Now we have to do this peak detection for every cell. The cluster ID is going to be the peak.
clusters <- lapply(V(g), function(i) {
FindPeak(g = g, start_node = i, verbose = FALSE)
}) %>% unlist()
Great. Let’s see what we have.
table(clusters) %>% sort(decreasing = TRUE)
## clusters
## 7233 1921 5625 6192 7527 9099 6172 6089 8270 7710 5023
## 1718 1549 1434 1041 1016 880 763 676 522 294 107
Alright, now let’s view this on the UMAP to see if it makes sense.
library(ggplot2)
ggplot(dat_umap, aes(x = umap1, y = umap2, color = as.factor(clusters))) +
geom_point() +
theme_minimal()
So we can hammer the point home, let’s color the map by the peaks themselves. First we make a is_peak boolean.
peaks <- unique(clusters)
is_peak <- lapply(seq(nrow(dat)), function(i) {
return(i %in% peaks)
}) %>% unlist()
And now we color the map and superimpose the peaks on top.
# then plot as before
ggplot(dat_umap, aes(x = umap1, y = umap2, color = as.factor(clusters))) +
geom_point() +
geom_point(data = dat_umap[is_peak,], color = "black") +
theme_minimal()
Ok, so we have clusters that make sense. Now, X-shift has many automated optimizations embedded within it to properly optimize k, for example. But hopefully what I’ve done here gives you an idea of what X-shift is actually doing.
What is the difference between this simplified implementation of X-shift and the full-fledged software? A lot. I’ll list a few things here, some of which are from direct correspondence with Samusik after showing him the above.
For starters, X-shift is written in Java, not R, which gave Samusik much more control over the machine. A lot of X-shift was an engineering problem, given that although the overall concept is easy to understand, it it very computationally expensive to actually run, especially on multi-million cell datasets. There, a lot of clever low-level programming went into turning the concept into reality.
In the implementation above, I use a given k for density estimation, and k = 1 for hill climbing. The X-shift implementation does hill climbing across a separate computed k, with an embedded statistical test.

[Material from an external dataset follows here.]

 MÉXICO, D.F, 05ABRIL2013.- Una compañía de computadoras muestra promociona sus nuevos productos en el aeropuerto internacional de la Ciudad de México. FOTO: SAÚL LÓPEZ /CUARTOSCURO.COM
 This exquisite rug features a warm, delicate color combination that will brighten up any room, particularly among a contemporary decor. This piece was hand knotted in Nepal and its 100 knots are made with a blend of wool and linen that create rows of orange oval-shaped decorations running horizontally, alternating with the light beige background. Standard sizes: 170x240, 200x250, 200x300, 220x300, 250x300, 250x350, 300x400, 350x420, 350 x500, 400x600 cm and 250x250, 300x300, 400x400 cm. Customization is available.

There is also a cluster merging step in the end, based on a modified version of the mahalanobis distance. I plan to implement these in later drafts if I have time, which may make my clusters look a bit less messy.

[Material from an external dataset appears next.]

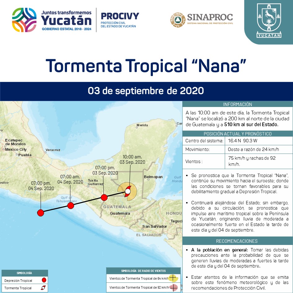 La Tormenta Tropical "Nana"; se localiza en tierra a 200 km al norte de la ciudad de Guatemala.
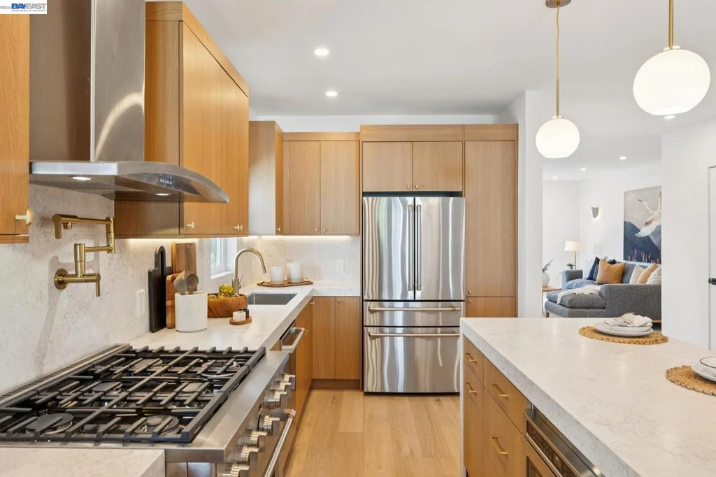 Reimagined in a modern farmhouse style, this rare Lower Elmwood compound offers flexibility, style, and opportunity across three distinct, fully rebuilt living spaces totaling 3439 square feet. Ideal for multigenerational living (main house, au pair/private office, and detached 2-bedroom guest house), income, or room to grow, the property balances connection, privacy, and ease. The main home (3BD/3.5BA, 2212 sq ft) is filled with natural light and designed for both everyday living and gathering. From the front sitting room with bay window to the dining area and into the chef’s kitchen and family room, the flow feels effortless, with oak flooring throughout. Custom cabinetry, Café appliances, and a generous island create a kitchen that is both beautiful and functional. French doors open to the backyard, extending the living space outdoors. The lower level includes a bedroom with ensuite bath, an office, powder room, and ample storage. Upstairs, two additional bedrooms include a serene primary suite with a spa-like split bath and walk-in closet, along with a second bedroom with Berkeley Hills views and a modern hall bath. Attached to the main home with its own entrance, the 1BD/1BA, 378 sq ft au pair apartment features a new full kitchen, charming covered porch for outdoor reading or morning coffee, and a modern bathroom. This space can also serve as a private office, well suited for meeting clients apart from the main home. The detached, two-story ADU (3031A Wheeler: 2BD/1.5BA, 849 sq ft) is a luxurious, full-service guest house, complete with kitchen, living area, laundry, and generous storage. It is equally well suited for multigenerational living or income. Thoughtfully updated with modern systems, the property offers added peace of mind, efficiency, and potential advantages for insurance and long-term maintenance. New improvements include zoned heat, mini-splits with A/C (in both ADUs), roof, foundation, electrical wiring and panels, windows, and more. All kitchens and bathrooms are newly built with stylish finishes and brand-new appliances. The freshly landscaped level backyard features a large, lush lawn and multiple patios, perfect for outdoor gatherings, play, barbecuing, and al fresco dining. Multiple off-street parking spaces, a custom metal privacy gate, and additional storage complete the property. All just blocks from BART, Whole Foods, Berkeley Bowl, and the best of Berkeley’s shops, dining, & culture. Sewer lateral compliant. Energy score: 7.

The software that runs X-shift, called VorteX, also contains visualization tools that Samusik developed. Among them is a force directed cell embedding that, while computationally intensive, produces output that is more comparable to UMAP than t-SNE (the primary dimension reduction method at the time of publication) in that trajectories can be inferred.
Overall, I hope my simplified version of X-shift, and the remaining explanation of the rest of it, gave you an idea of how X-shift works. If you don’t use the tool, I think it is important to understand the concept behind it, as this was the best method for rare cell subset detection for high-dimensional flow and mass cytometry data. This suggests that there are unexplored uses in newer high-dimensional data types, like spatial transcriptomics, high-dimensional imaging (eg. MIBI, CODEX), and single-cell sequencing.